Wednesday 29 August 2007

Britain murdered 10 million people in India Holocaust and thinks the world will forget

This is the first I've heard of it, typical really. It wouldn't suprise me, the UK has the most evil ruling class in the world!

India's secret history: 'A holocaust, one where millions disappeared...'

Author says British reprisals involved the killing of 10m, spread over 10 years

A controversial new history of the Indian Mutiny, which broke out 150 years ago and is acknowledged to have been the greatest challenge to any European power in the 19th century, claims that the British pursued a murderous decade-long campaign to wipe out millions of people who dared rise up against them.

In War of Civilisations: India AD 1857, Amaresh Misra, a writer and historian based in Mumbai, argues that there was an "untold holocaust" which caused the deaths of almost 10 million people over 10 years beginning in 1857. Britain was then the world's superpower but, says Misra, came perilously close to losing its most prized possession: India.

Conventional histories have counted only 100,000 Indian soldiers who were slaughtered in savage reprisals, but none have tallied the number of rebels and civilians killed by British forces desperate to impose order, claims Misra.

The author says he was surprised to find that the "balance book of history" could not say how many Indians were killed in the aftermath of 1857. This is remarkable, he says, given that in an age of empires, nothing less than the fate of the world hung in the balance.

"It was a holocaust, one where millions disappeared. It was a necessary holocaust in the British view because they thought the only way to win was to destroy entire populations in towns and villages. It was simple and brutal. Indians who stood in their way were killed. But its scale has been kept a secret," Misra told the Guardian.

His calculations rest on three principal sources. Two are records pertaining to the number of religious resistance fighters killed - either Islamic mujahideen or Hindu warrior ascetics committed to driving out the British.

The third source involves British labour force records, which show a drop in manpower of between a fifth and a third across vast swaths of India, which as one British official records was "on account of the undisputed display of British power, necessary during those terrible and wretched days - millions of wretches seemed to have died."

There is a macabre undercurrent in much of the correspondence. In one incident Misra recounts how 2m letters lay unopened in government warehouses, which, according to civil servants, showed "the kind of vengeance our boys must have wreaked on the abject Hindoos and Mohammadens, who killed our women and children."

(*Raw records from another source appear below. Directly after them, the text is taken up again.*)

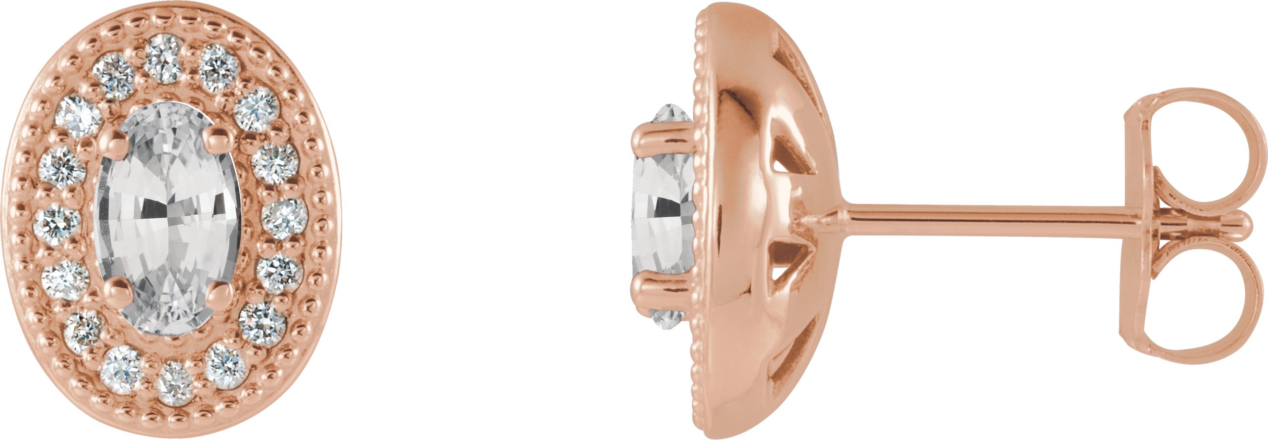 14K Rose Sapphire & 1/8 CTW Diamond Halo Style Earrings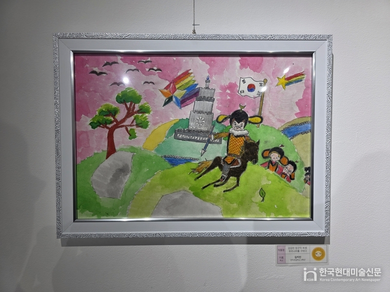 대상 수상자 김지인 학생은 “그림 속에서 강감찬 장군이 나라를 지키기 위해 싸우는 모습을 그리고 싶었어요. 용감하고 지혜로운 장군의 마음을 색깔로 표현했는데, 이렇게 상을 받아 정말 기쁘고 신기해요”라며 환하게 웃었다.
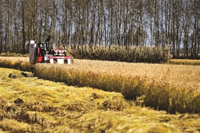 10月11日,农民在长春乐山镇驾驶收割机收水稻。 国庆长假刚过,吉林各地一派繁忙的秋收景象。 新华社记者张楠摄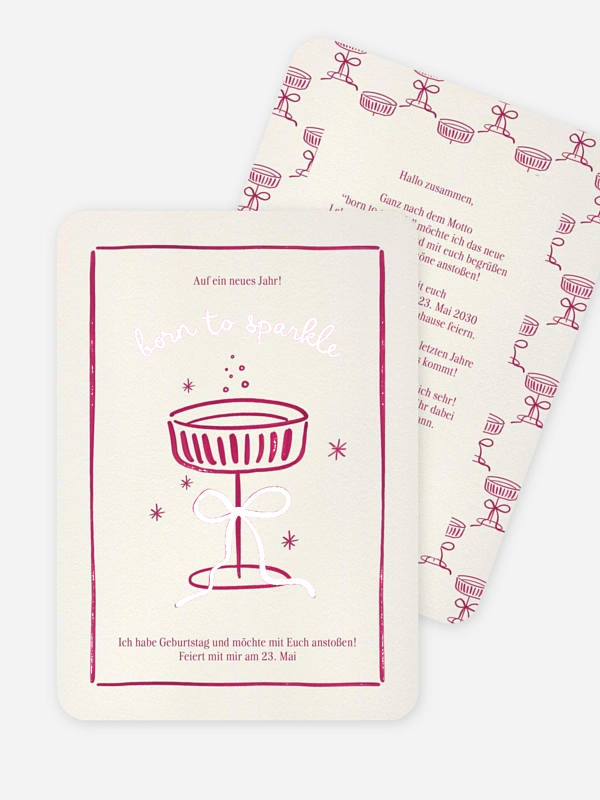 Mit der Geburtstagseinladung "Party Drink" stoßt ihr schon auf der Karte gemeinsam an und macht direkt Lust auf einen fröhlichen Abend. Das verspielte Motiv bringt Leichtigkeit und ein Augenzwinkern in deine Einladung zum Geburtstag – perfekt für alle, die das Leben feiern, wie es kommt. Du kannst die Geburtstagseinladung ganz einfach gestalten und im Gestaltungs-Tool mit wenigen Klicks persönlich machen. Gedruckt auf hochwertigen Papieren und schnell bei dir, ist sie bereit für viele glückliche Zusagen.

Misra's casualty claims have been challenged in India and Britain. "It is very difficult to assess the extent of the reprisals simply because we cannot say for sure if some of these populations did not just leave a conflict zone rather than being killed," said Shabi Ahmad, head of the 1857 project at the Indian Council of Historical Research. "It could have been migration rather than murder that depopulated areas."

Many view exaggeration rather than deceit in Misra's calculations. A British historian, Saul David, author of The Indian Mutiny, said it was valid to count the death toll but reckoned that it ran into "hundreds of thousands".

"It looks like an overestimate. There were definitely famines that cost millions of lives, which were exacerbated by British ruthlessness. You don't need these figures or talk of holocausts to hammer imperialism. It has a pretty bad track record."